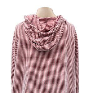 Tags: Hooded pullover, checkered top, Weatherproof hoodie, casual wear, red and white, cotton hoodie, relaxed fit, vintage style, oversized top, XL hoodie, kangaroo pocket, drawstring hood, women's fashion
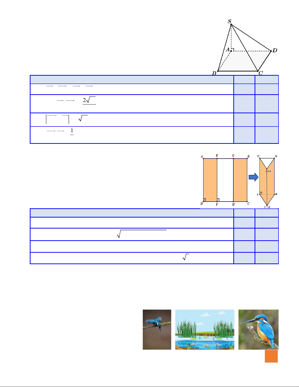 trục là mét; có hai con chim bói cá ở các vị trí A(90; 0; 25), B (80; 30; 15) trên các cành cây đang
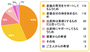 出典:www.combibaby.com里帰りをした理由をお伺いしました。 一番多かったのは「産後の育児をサポートしてもらうため」(43%)、次に「産後自分の体を休めるため」(29%)と続きました。
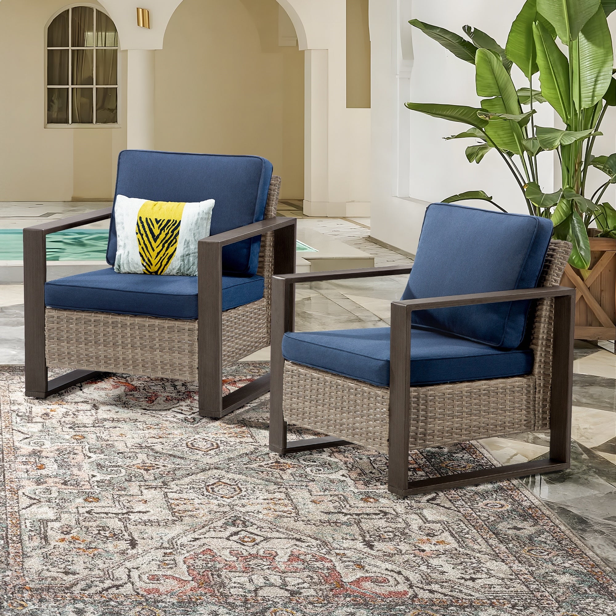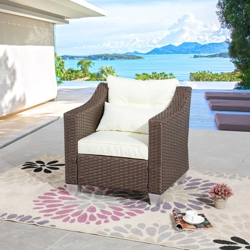 Patio Festival Outdoor Armrest Wicker Chair with Cushion
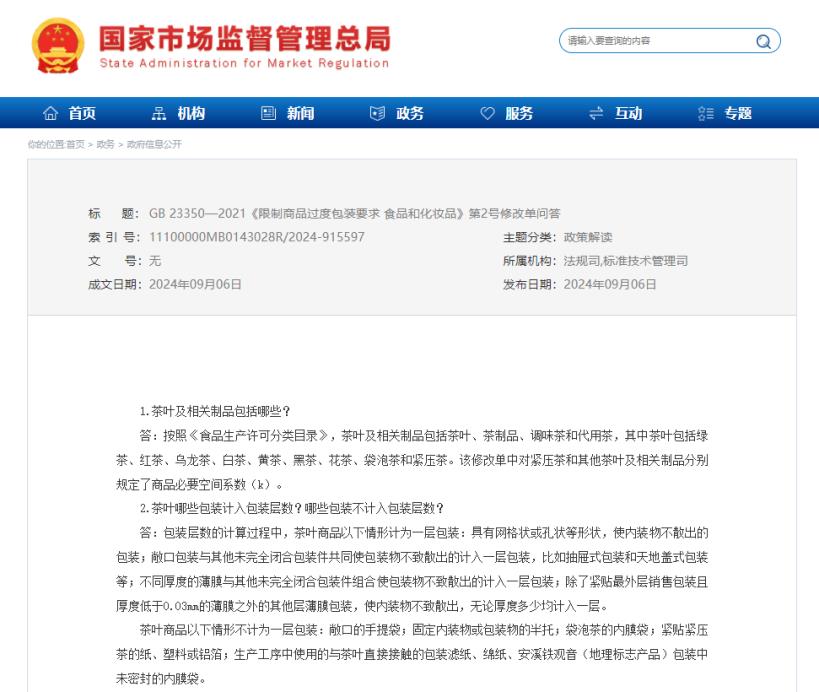 今年3月25日,《限制商品过度包装要求 食品和化妆品》第2号修改单正式发布,并将于2025年3月1日正式实施。修改单主要对茶叶及相关制品包装的要求进行了新规定,主要包括:
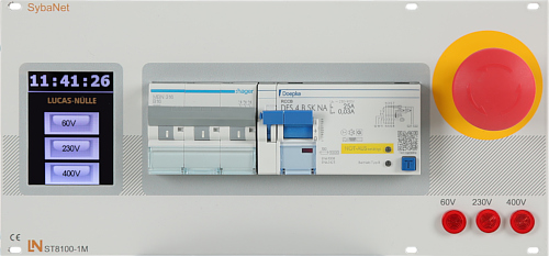 19″ SybaNet-Netzfeld 4.0, 400 V/50 Hz, 3 Schaltebenen, FI Typ B, Leitungsschutzschalter 3-pol., Not-AUS Fernsteuerbares 3HE (19″) Kanal-Einschubnetzfeld (Drehstrom) inkl. 2,8 Zoll Touch-Display, zur Energieversorgung und Absicherung Sicheres Freischalten von bis zu 3 Spannungsebenen (z. B. Schutzklein-, Wechsel- und Drehspannung) Die komplette Steuerung erfolgt über Ethernet. Individuelles/einzelnes, gruppenweises oder komplettes Steuern der Spannungsebenen. Zeitlich begrenztes Einschalten von Spannungen via Timer-Funktion Ein einfaches und intuitives Steuern der gesamten Funktionalitäten ist ohne zusätzlichen PC, dank eines im Gerät befindlichen Prozessors via Touchscreen möglich. Inkl. Absicherungs- und Schalteinheit für Drehstrom Allstromsensitiver Fehlerstromschutzschalter Typ B gemäß VDE 0100, Teil 723 Leitungsschutzschalter 3 polig 16 A Not-Aus-Schalter mit Rastung und gelbem Signalring  Die Not-Aus-Abschaltung muss via Trennerelement und konform zur DIN VDE 0100-530 : 2011-06 erfolgen. Not?Aus Fangschaltung mit Erkennung des Auslösers des „Not?Aus“ am Lehrer?Arbeitsplatz inkl. redundanter Rücksetzung zusätzlich über den Master-PC Platzgenaues Erkennen von ausgelösten Sicherungselementen (wie z. B. FI, Motorschutzschalter, LS) am Lehrer?Arbeitsplatz inkl. redundanter Rücksetzung zusätzlich über den Master-PC Alle Schaltzustände (Not-Aus, FI ausgelöst, Spannungen an/aus, etc.) werden am Display und parallel zum Master-PC übertragen Mindestens 3 zur SW zusätzliche HW-Kontrollleuchten zur Visualisierung der zugeschalteten Spannungsebenen Es müssen mindestens 3 Steuerschütze, 3 Leistungsschütze, 2 Überwachungsschütze sowie weitere HW-Einrichtung zur unabdingbar geforderten Überspannungs- und Kurzschlussfestigkeit des Systems vorhanden sein. Ebenso müssen HW und SW-Maßnahmen vorhanden sein um Einschaltstromspitzen zu erkenn und abzufangen. Die Relais- und Umschaltkontakte müssen somit vor Abriss und Verkleben gesichert sein. 6 via Ethernet fernsteuerbare digitale Ausgänge für z. B. Versenktischsteuerung 2,8″ TFT-Touch-Display zur Anzeige und Zuschaltung der freigeschalteten Parameter sowie der Anzeige folgender Features: Uhrzeit, Timer, NOT-AUS, FI- und LS-Auslösedetektion, Überlast/Kurzschluss; inkl. automatischem Bildschirmschoner Definierte Signale und Spannungen verschiedener Endgeräte (z.B. Labornetzgeräte, Generatoren) können ferngesteuert werden. Die Geräte können zusätzlich für eine Einstellung durch den Schüler gesperrt werden Zusätzlich erforderlich: Bedienung erfolgt über die SybaNet-Labormanager SW mit externem Lehrer-PC oder über die SybaNet-Control Unit/ 19″ Touch Panel PC (Master-PC). Zum Betrieb der einzelnen Clientplätze ist kein separater/externer PC an den Schülerplätzen nötig Weiterhin ist optional eine zusätzliche parallele oder einzelne Steuerung mit möglicher Sperrung des 2. Gerätes über ein mobiles Tablet oder einen 2. PC möglich. Abmessungen: 3 HE/54 TE Gewicht: 2,3kg
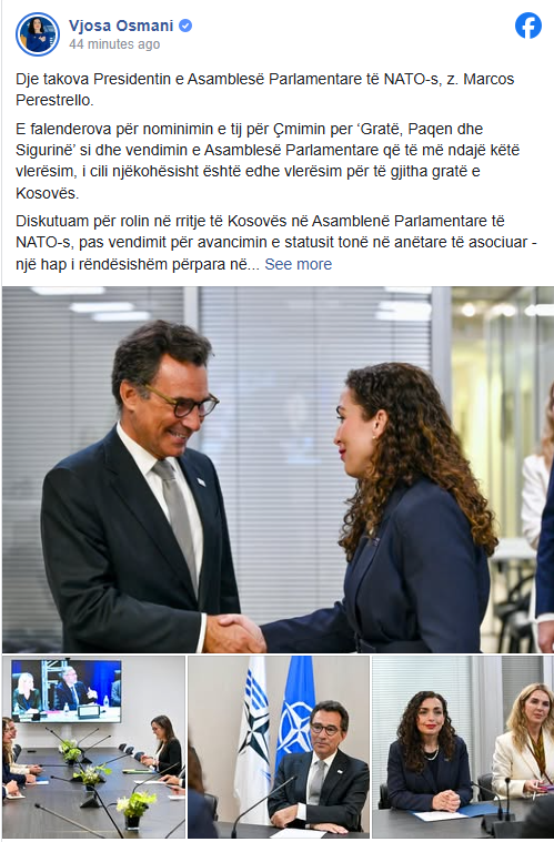 The President of Kosovo, Vjosa Osmani, met yesterday with the President of the NATO Parliamentary Assembly, Marcos Perestrello, to discuss the latest developments in relations between Kosovo and NATO.
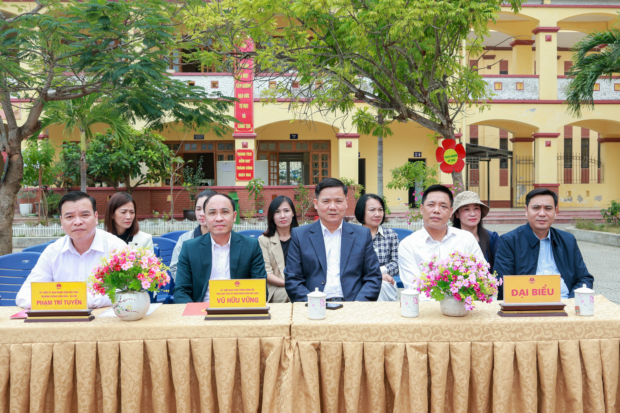 (Đ/c Vũ Hữu Vững - Phó Chủ tịch UBND đặc khu trao tặng Giải Nhất toàn đoàn cho đơn vị Trường THCS thị trấn Cát Bà)
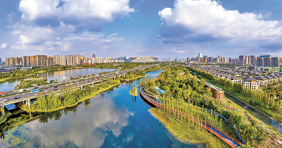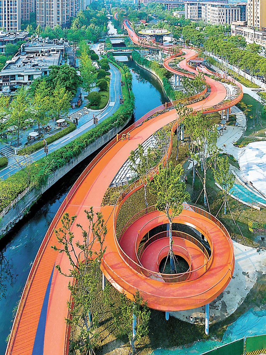 (香港文匯報 記者 李兵)一撥人在野外露營,一撥人在爬龍泉山看日出,還有一撥人在騎行繞城綠道;成都的共享單車沒有顏色之分,只有是否征服過繞城綠道的區別……今年4月,成都繞城綠道正式竣工投用,不少成都市民和外地遊客紛紛前往打卡,迅速走紅網絡。成都繞城綠道全長100公里,其中上坡20公里、下坡20公里、平路60公里,沿途78座風格各異的景觀橋串聯起121個特色生態公園。時而騎行在高速上方,時而飄移在湖面之上,時而從火車肚皮下鑽過,穿麥田、蹚花海、鑽蘆葦……記者進行了一次沉浸式騎行體驗,領略了這條網紅綠道的獨特魅力。
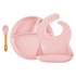 - Un set composé de trois produits : une assiette, une cuillère et un bavoir
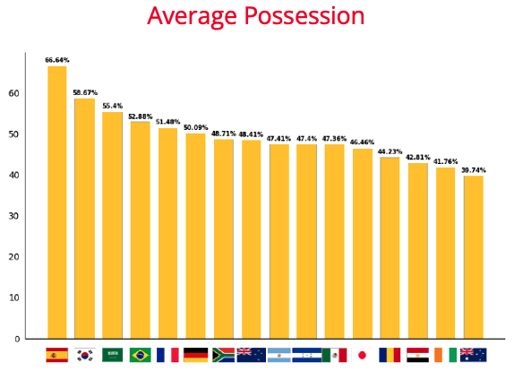 Given the playing styles mentioned above, it’s no surprise to see Spain had an average of 67% possession. The Spanish were comfortably the side who held on the ball the best throughout the competition, with the next highest nation, South Korea, seeing 59%. Spain also had the highest number of 10+ pass sequences, with 145, over double the Japanese who came in second. Spain saw the highest pass completion rate.
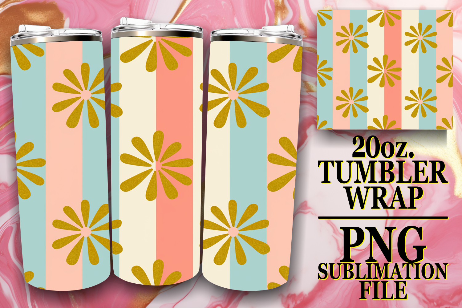 Vibrant Nights 20oz tumbler wrap, Gold Flower

☆ ☆ ☆ ☆ ☆ ☆ ☆

Print the data above verbatim from the first line through the line holding "今年3月25日,《限制商品过", leaving every picture out.

 Tags: Hooded pullover, checkered top, Weatherproof hoodie, casual wear, red and white, cotton hoodie, relaxed fit, vintage style, oversized top, XL hoodie, kangaroo pocket, drawstring hood, women's fashion
 trục là mét; có hai con chim bói cá ở các vị trí A(90; 0; 25), B (80; 30; 15) trên các cành cây đang
 出典:www.combibaby.com里帰りをした理由をお伺いしました。 一番多かったのは「産後の育児をサポートしてもらうため」(43%)、次に「産後自分の体を休めるため」(29%)と続きました。
 Patio Festival Outdoor Armrest Wicker Chair with Cushion
 今年3月25日,《限制商品过度包装要求 食品和化妆品》第2号修改单正式发布,并将于2025年3月1日正式实施。修改单主要对茶叶及相关制品包装的要求进行了新规定,主要包括:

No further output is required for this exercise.